Getting Started with your MARBEL Agent

Dialogflow → Intent and Slot Classifier with WHISPER

While your intent and slot classifier is in development, you can use Dialogflow, a powerful Google Cloud tool, to handle Automatic Speech Recognition (ASR) and Intent and Slot Classification for your conversational agent. Dialogflow allows you to optimize your agent's understanding of user input by creating intents with training phrases and entities that define the vocabulary and natural language understanding capabilities needed for recipe recommendations.

In this project, before your intent and slot classifier is trained and tested, Dialogflow serves as the core Natural Language Understanding (NLU) component, transcribing user utterances into text, classifying them into intents, and extracting relevant information (entities) for recipe recommendations.

The Dialogflow agent acts as an NLU agent, which is connected to a MARBEL agent. The MARBEL agent receives transcripts, intents, and entities from Dialogflow and uses this information to manage the dialogue with the user. It structures interactions through conversational patterns, serving as the dialogue manager. To help you get started, we’ve provided a basic MARBEL agent, but your first task is to create your team’s Dialogflow agent. Only one team member needs to create the agent and share it with the rest of the team, as your team requires just one Dialogflow agent to collaborate effectively.

Once your custom intent and slot classifier is fully developed, it will replace Dialogflow and work in conjunction with WHISPER, an advanced ASR system, to manage the entire NLU pipeline. WHISPER will convert user speech into text, and your classifier will process the text to identify user intents and extract entities. This replacement will give you complete control over the NLU system, allowing for tailored adjustments and deeper integration into your agent's architecture. Unlike Dialogflow, your classifier can be customized specifically for recipe recommendations, enabling improved accuracy and responsiveness to user inputs.
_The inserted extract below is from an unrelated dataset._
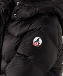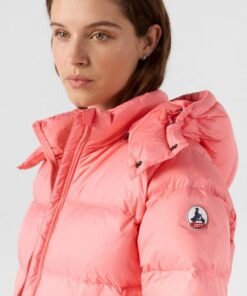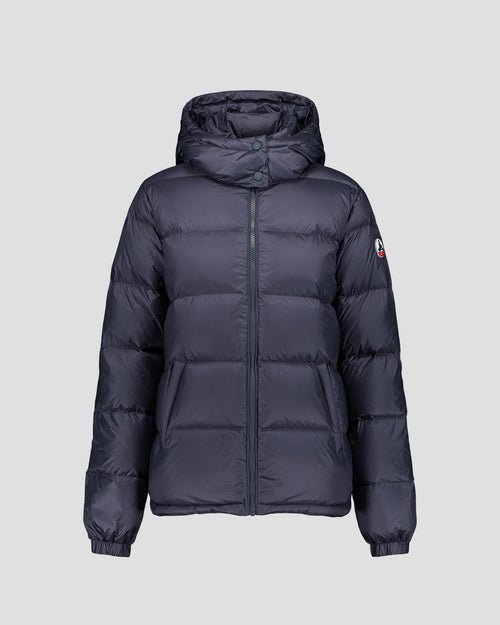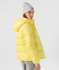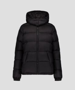 Doudoune courte en tissu iconique polyamide, coupe régulière, coupe ajustée, deux poches latérales, fermeture zippée sur le devant, capuche amovible avec fausse fourrure.

With the replacement in place, your custom system will continue to interface with the MARBEL agent, providing it with the same intent and entity data, but with enhanced flexibility and scalability. This shift eliminates dependency on external tools like Dialogflow, ensuring better alignment with your project’s needs and granting your team full ownership of the conversational pipeline. By transitioning to your classifier and WHISPER, you’ll achieve a more robust, efficient, and adaptive solution for managing user interactions.

Starting with Your MARBEL Agent

If your project installation is complete, you now should be able to run the code. Try it by following the instructions here: Run your Conversational Agent. You should see a start page.

A Pattern to Get Started

The dialog manager agent uses an agenda to structure the conversation with a user. An agenda consists of one or more conversational patterns; conversational patterns are templates for small sub-dialogs or mini-dialogs that can be viewed as building blocks to create a larger dialog or conversation. By inspecting this agenda, the agent can figure out what it should do and in what order things should be handled in the conversation. The agenda is managed by a MARBEL agent, which implements the dialog manager. There already is some code for initializing the agenda in the dialog_init.mod2g module. Open this file and navigate to the code line where the agenda is inserted into the agent’s database (state). As you can see, the agenda in the agent we provided to you as a starting point is still empty (it is the empty list []). We will use some of the patterns that we will create in the project to define the agent’s agenda by adding them to the list. To get started, we need to add something already to the agenda. We can use the start pattern for this which has already been defined in the patterns.pl file (check it out). This pattern just waits for the user to click a button on the screen. Below we will create such a screen where a user can click a start button to initiate the interaction. For now, let’s just add the start pattern to the agent’s agenda:

In the dialog_init module, locate the line with insert(agenda([])) and replace that with insert(agenda([start])).

Visuals

The conversational agent that we will create not only talks but also shows things using dynamic web pages that are displayed on a screen. These dynamic web pages will provide the user with some additional visual support to be able to keep track of some of the things that happened in the conversation. We want the agent, for example, to display information about where we are at in the conversation by, for example, displaying subtitles that refer to different parts (conversational patterns) of the conversation. We will also want the agent to display the preferences for or constraints on recipes that have already been added by the user and show how many recipes still fit those preferences. This will help the user understand what the agent is doing and help them remember which preferences they already indicated to the agent.

We provide a basic visual design. Thereafter it is up to you to make things look better and make additional design choices of your own.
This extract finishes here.